(Records contained in a dataset)
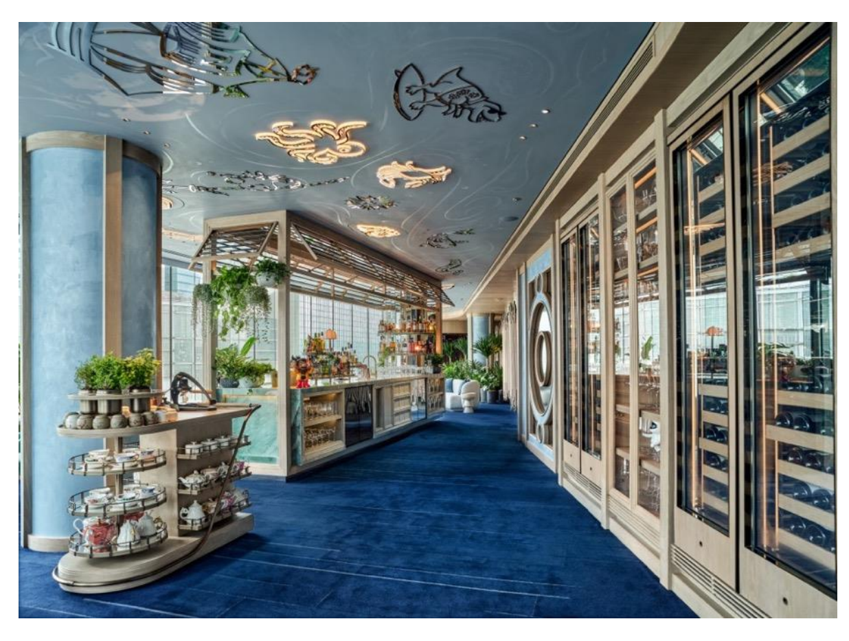
Doodle Garden is a more casual breakout lounge featuring a wine bar kiosk.
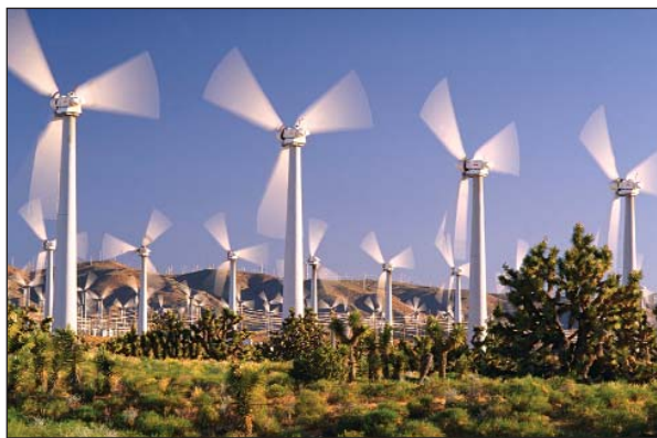
CO 2 free. To be a clean energy technology, hydrogen must be generated from wind, solar, or other carbon-free sources.

promoting energy efficiency, research on renewables, and development of hybrid cars, critics say. After all, many researchers point out, as long as hydrogen for fuel cell cars is provided from fossil fuels, much the same environmental benefits can be gained by adopting hybrid gasoline-electric and advanced diesel engines. As MIT chemist and former DOE director of energy research John Deutch and colleagues point out on page 974, hybrid electric vehicles—a technology already on the market—would im-
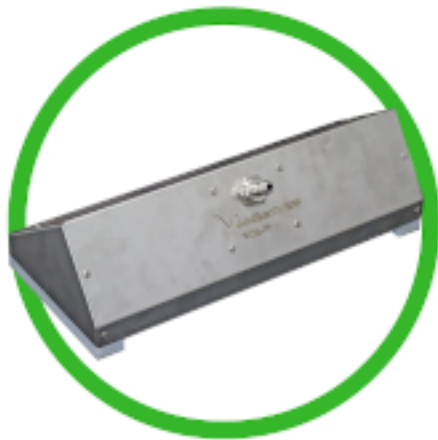
Versitech 35 Cover Head (VCH 35)
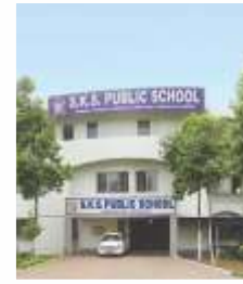
S.K.S. Public School Raniganj
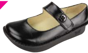
BLACK WAX PAL-011
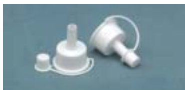
Pour/Accessory Port Converter

Used to convert the pour/accessory port into a female port specimen retainer which will accept tubing sets with preattached hard plastic (or metal) male end fittings. Length 9".
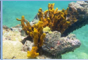
?Brown Sponge?, S-M, 4-5, Rf. ? Neopetrosia subtriangularis
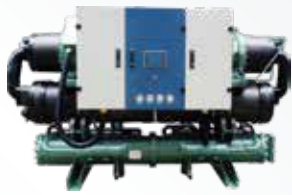
◆ Water-cooled Screw Low Temperature Chiller Cooling Capacity Range: 17KW~2369KW Chilled water outlet temperature range: 10~-35°C
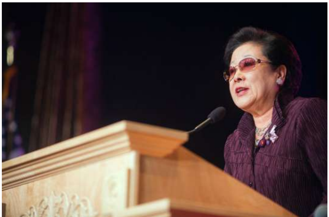
True Mother Addresses 1,200 attendees at the WFWP USA 20th Anniversary Convention. Sun Jin Moon, our current Director General for Family Federation for World Peace and Unification (FFWPU) International, delivered True Mother's keynote address, "Women as the Turning Point for Peace."

October 27, 2012 True Mother Addresses WFWP USA 20th Anniversary Convention
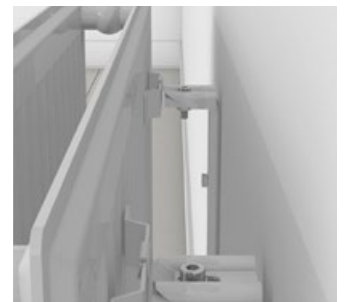
Available for different designs. For mounting on welding seam or for mounting on lugs.
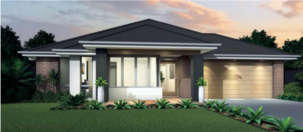
Coogee F-RGCCOGE01 (26°)
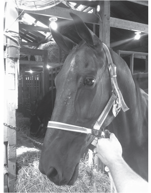
One of the six rescued believed to be, Kiss My Match, Mollie Muggins, Keylarkgo Blue, Marios Kick Start, SOS Crusader, and Bedarka.

Key Larkgo Blue ( tattoo still not confirmed as his legs prove years of racing and his card shows no racing lines)
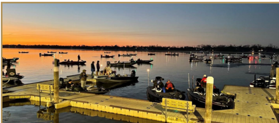
Pre-launch on False River at Kiwanis Tournament 2022
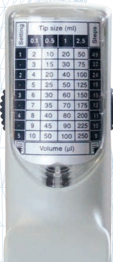
Volume table HandyStep® S with PD-Tips

The double-sided volume table on the back side shows all the necessary stroke setting information at a glance.
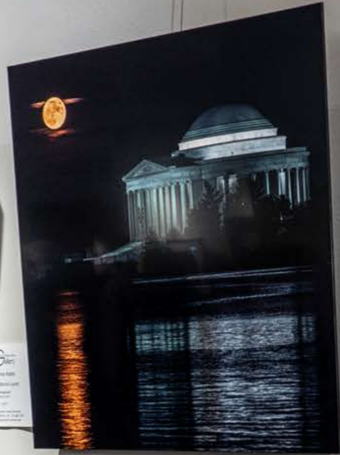
Gallery Sherm Edwards Super Moon over the Tidal Basin 2014 18" x 24"

*TASK REQUIREMENTS*: Excluding the pictures, output every entry above without alteration.

*RESPONSE*:
Doodle Garden is a more casual breakout lounge featuring a wine bar kiosk.
CO 2 free. To be a clean energy technology, hydrogen must be generated from wind, solar, or other carbon-free sources.

promoting energy efficiency, research on renewables, and development of hybrid cars, critics say. After all, many researchers point out, as long as hydrogen for fuel cell cars is provided from fossil fuels, much the same environmental benefits can be gained by adopting hybrid gasoline-electric and advanced diesel engines. As MIT chemist and former DOE director of energy research John Deutch and colleagues point out on page 974, hybrid electric vehicles—a technology already on the market—would im-
Versitech 35 Cover Head (VCH 35)
S.K.S. Public School Raniganj
BLACK WAX PAL-011
Pour/Accessory Port Converter

Used to convert the pour/accessory port into a female port specimen retainer which will accept tubing sets with preattached hard plastic (or metal) male end fittings. Length 9".
?Brown Sponge?, S-M, 4-5, Rf. ? Neopetrosia subtriangularis
◆ Water-cooled Screw Low Temperature Chiller Cooling Capacity Range: 17KW~2369KW Chilled water outlet temperature range: 10~-35°C
True Mother Addresses 1,200 attendees at the WFWP USA 20th Anniversary Convention. Sun Jin Moon, our current Director General for Family Federation for World Peace and Unification (FFWPU) International, delivered True Mother's keynote address, "Women as the Turning Point for Peace."

October 27, 2012 True Mother Addresses WFWP USA 20th Anniversary Convention
Available for different designs. For mounting on welding seam or for mounting on lugs.
Coogee F-RGCCOGE01 (26°)
One of the six rescued believed to be, Kiss My Match, Mollie Muggins, Keylarkgo Blue, Marios Kick Start, SOS Crusader, and Bedarka.

Key Larkgo Blue ( tattoo still not confirmed as his legs prove years of racing and his card shows no racing lines)
Pre-launch on False River at Kiwanis Tournament 2022
Volume table HandyStep® S with PD-Tips

The double-sided volume table on the back side shows all the necessary stroke setting information at a glance.
Gallery Sherm Edwards Super Moon over the Tidal Basin 2014 18" x 24"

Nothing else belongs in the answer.